Multisample CNV calling is possible starting from tangent normalized counts files (*.tn.tsv.gz) specified with the --cnv-input option (one per sample). Multisample CNV analysis benefits from using joint segmentation to increase the sensitivity of detection of copy number variable segments. For each copy number variable segment identified, the copy number genotype of each sample is emitted in a single VCF entry to facilitate annotation and interpretation.

Multisample CNV calling is recommended for only WGS analysis.

The following is an example command line for running a trio analysis:

dragen \
-r <HASHTABLE> \
--output-directory <OUTPUT> \
--output-file-prefix <SAMPLE> \
--enable-cnv true \
--cnv-input <FATHER_TN_TSV> \
--cnv-input <MOTHER_TN_TSV> \
--cnv-input <PROBAND_TN_TSV> \
--pedigree-file <PEDIGREE_FILE>

De Novo CNV Calling Options

All input samples should have gone through the same single sample WGS workflow and must have identical intervals.

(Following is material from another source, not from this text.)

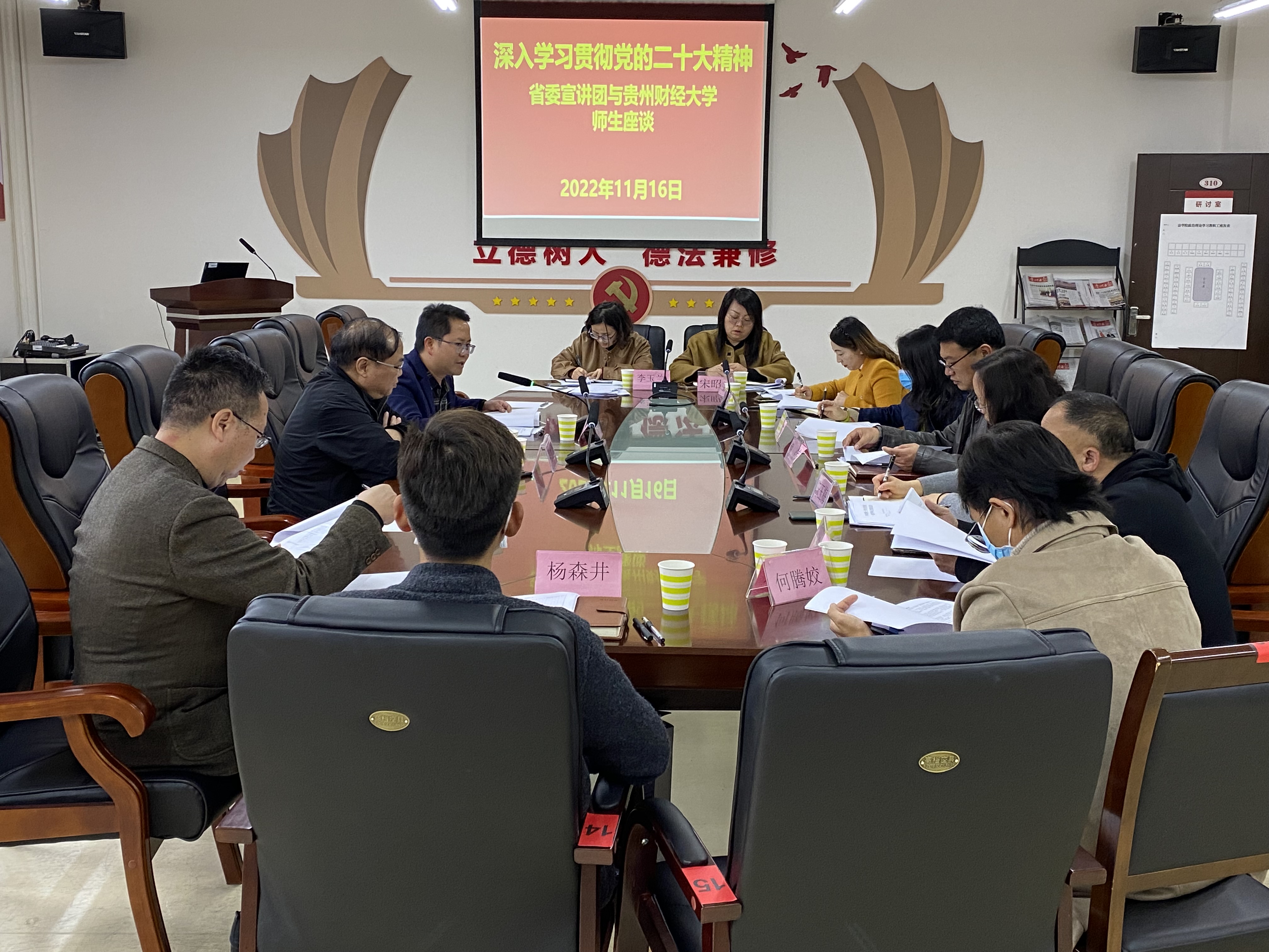 2022年11月16日,党的二十大精神省委宣讲团成员、贵州省社会科学院党委书记吴大华到新利网页版_新利(中国)宣讲党的二十大精神,法学院党委班子全体成员、党员教师代表、非党员教师代表、党务干部等20余人参会。

The following options are used in DeNovo CNV calling:

--cnv-input—For DeNovo CNV calling, this specifies the input tangent-normalized signal files (*.tn.tsv) from the single sample runs. This option can be specified multiple times, once for each input sample.
--cnv-filter-de-novo-qual—Phred-scaled threshold at which a putative event in the proband sample is marked as DeNovo. Default value is 0.10.
--pedigree-file—Pedigree file specifying the relationship between the input samples.